* [Exercise directions]: Write out the full listing exactly as given, minus the images.

* [Data extract]:
····················
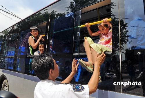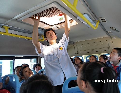 6月11日,济南趵突泉小学,来自济南公交恒生四队的驾驶员们给孩子们讲解遭遇公交车火灾、事故等突发事件逃生技巧:紧急开门、天窗逃生、救生锤打玻璃跳窗逃生等。孩子们学得非常认真,还亲身体验了逃生的方法。 中新社发 罗波 摄
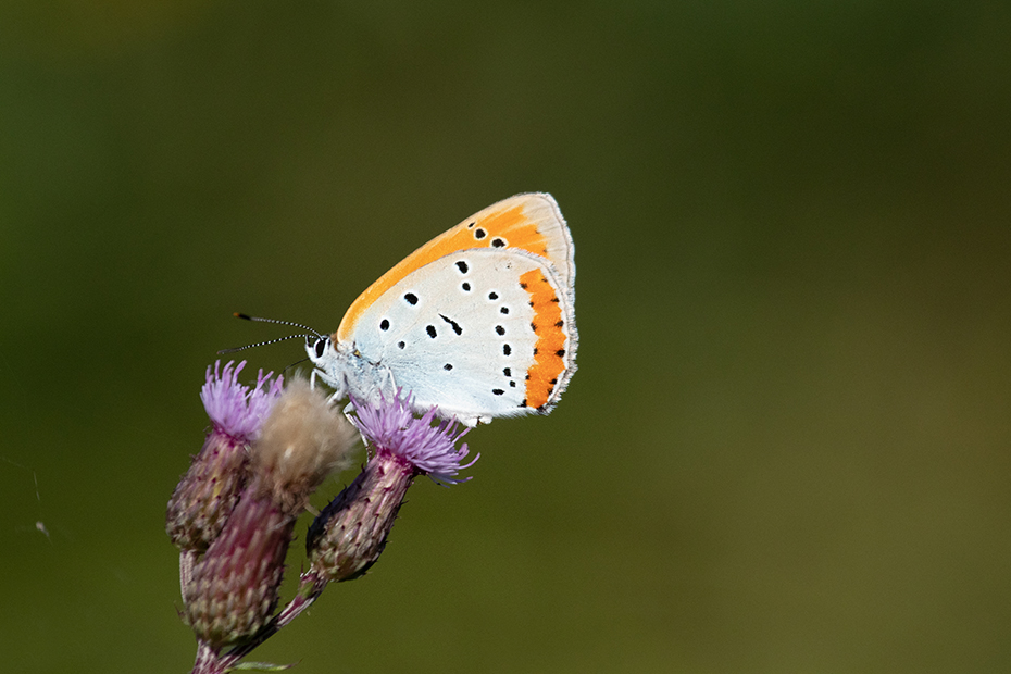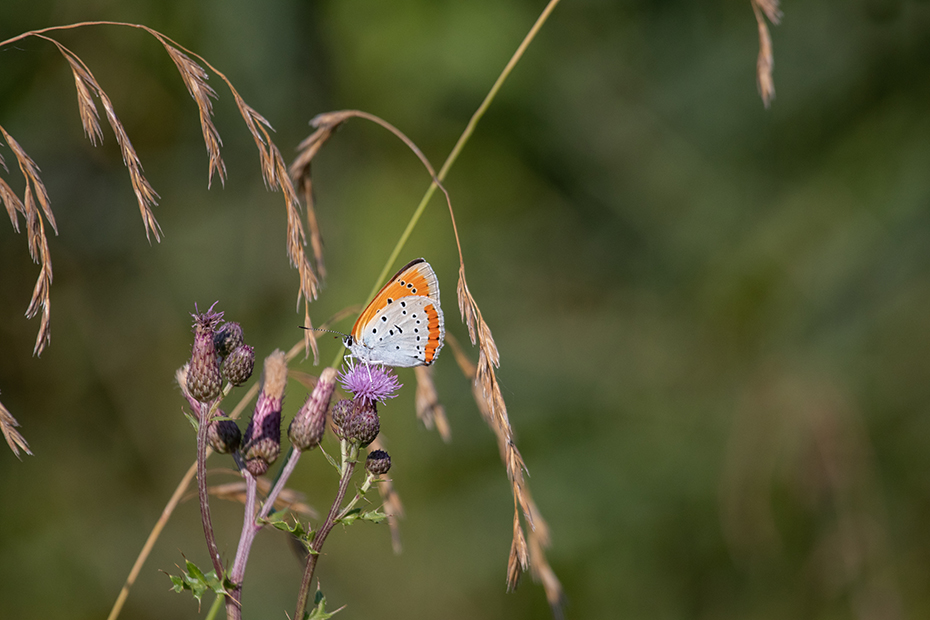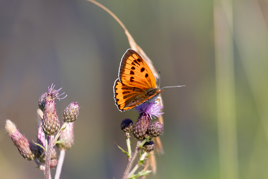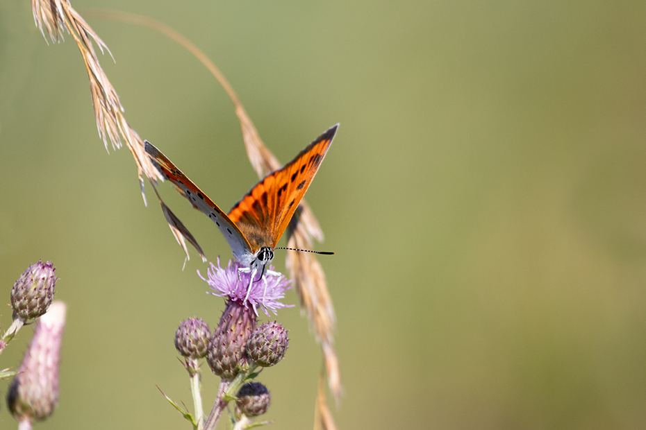 De grote vuurvlinder is een vlinder die alleen voorkomt in Noordwest Overijssel en in het zuiden van Fryslân. De grote vuurvlinder staat op de rode lijst als ernstig bedreigd. Ieder jaar probeer ik de grote vuurvlinder een keer te fotograferen. Vorig jaar is het niet gelukt. Vorige week ging ik weer op stap in De Weerribben en zocht ik lang naar de unieke vlinder. Na een tijd gaf ik de moed op en reed in de auto weer terug naar huis. Halverwege het smalle weggetje stond een man te fotograferen. Ik reed stapvoets en met de ramen open. De man vroeg mij of ik toevallig op zoek was naar de grote vuurvlinder. Hij wees naar de vlinder op de kale jonker met de woorden: ‘Daar zit er één’.
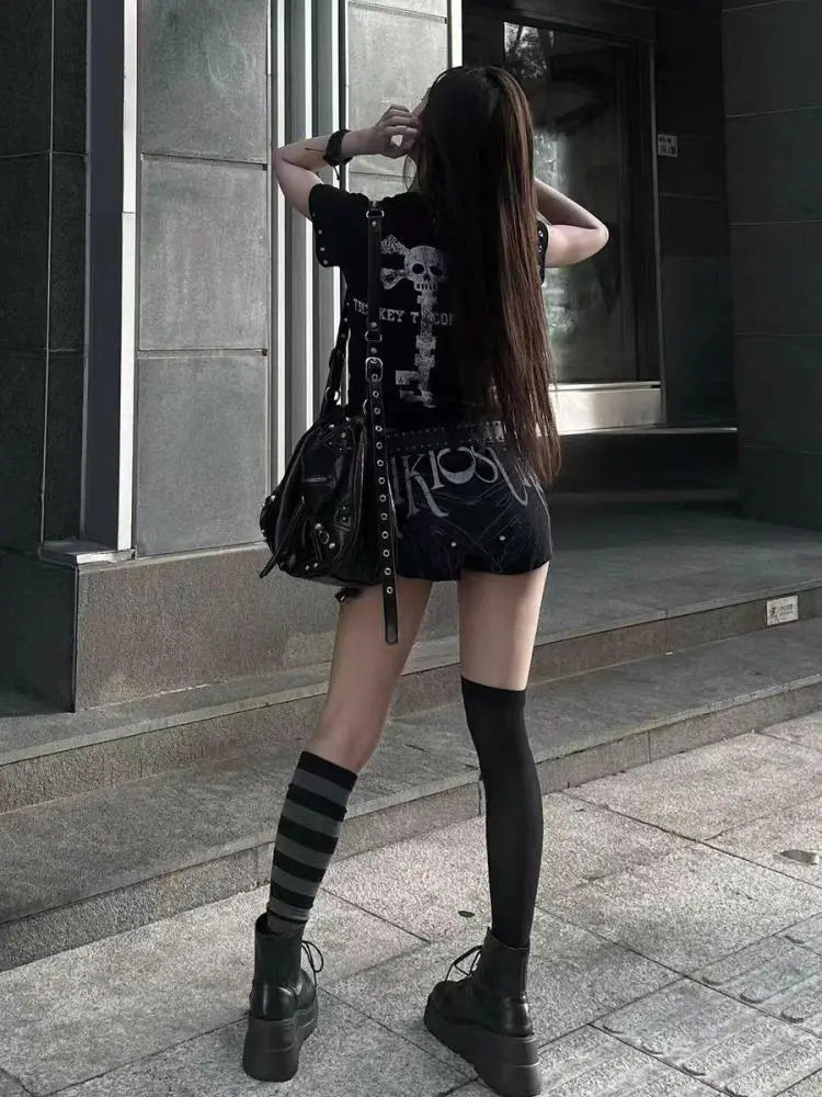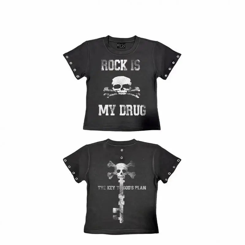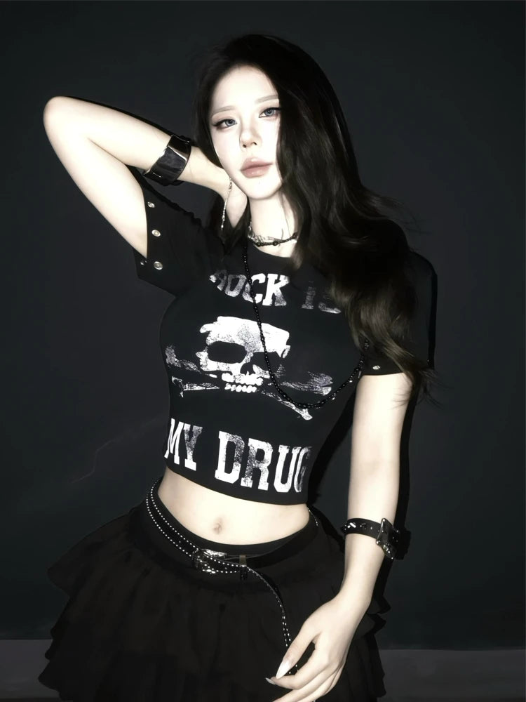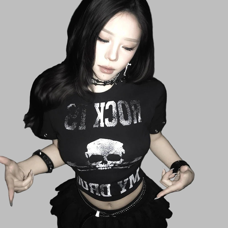 Top scurt cu imprimeu craniu, stil punk metal rock
····················
* [Problem solution]:
 6月11日,济南趵突泉小学,来自济南公交恒生四队的驾驶员们给孩子们讲解遭遇公交车火灾、事故等突发事件逃生技巧:紧急开门、天窗逃生、救生锤打玻璃跳窗逃生等。孩子们学得非常认真,还亲身体验了逃生的方法。 中新社发 罗波 摄
 De grote vuurvlinder is een vlinder die alleen voorkomt in Noordwest Overijssel en in het zuiden van Fryslân. De grote vuurvlinder staat op de rode lijst als ernstig bedreigd. Ieder jaar probeer ik de grote vuurvlinder een keer te fotograferen. Vorig jaar is het niet gelukt. Vorige week ging ik weer op stap in De Weerribben en zocht ik lang naar de unieke vlinder. Na een tijd gaf ik de moed op en reed in de auto weer terug naar huis. Halverwege het smalle weggetje stond een man te fotograferen. Ik reed stapvoets en met de ramen open. De man vroeg mij of ik toevallig op zoek was naar de grote vuurvlinder. Hij wees naar de vlinder op de kale jonker met de woorden: ‘Daar zit er één’.
 Top scurt cu imprimeu craniu, stil punk metal rock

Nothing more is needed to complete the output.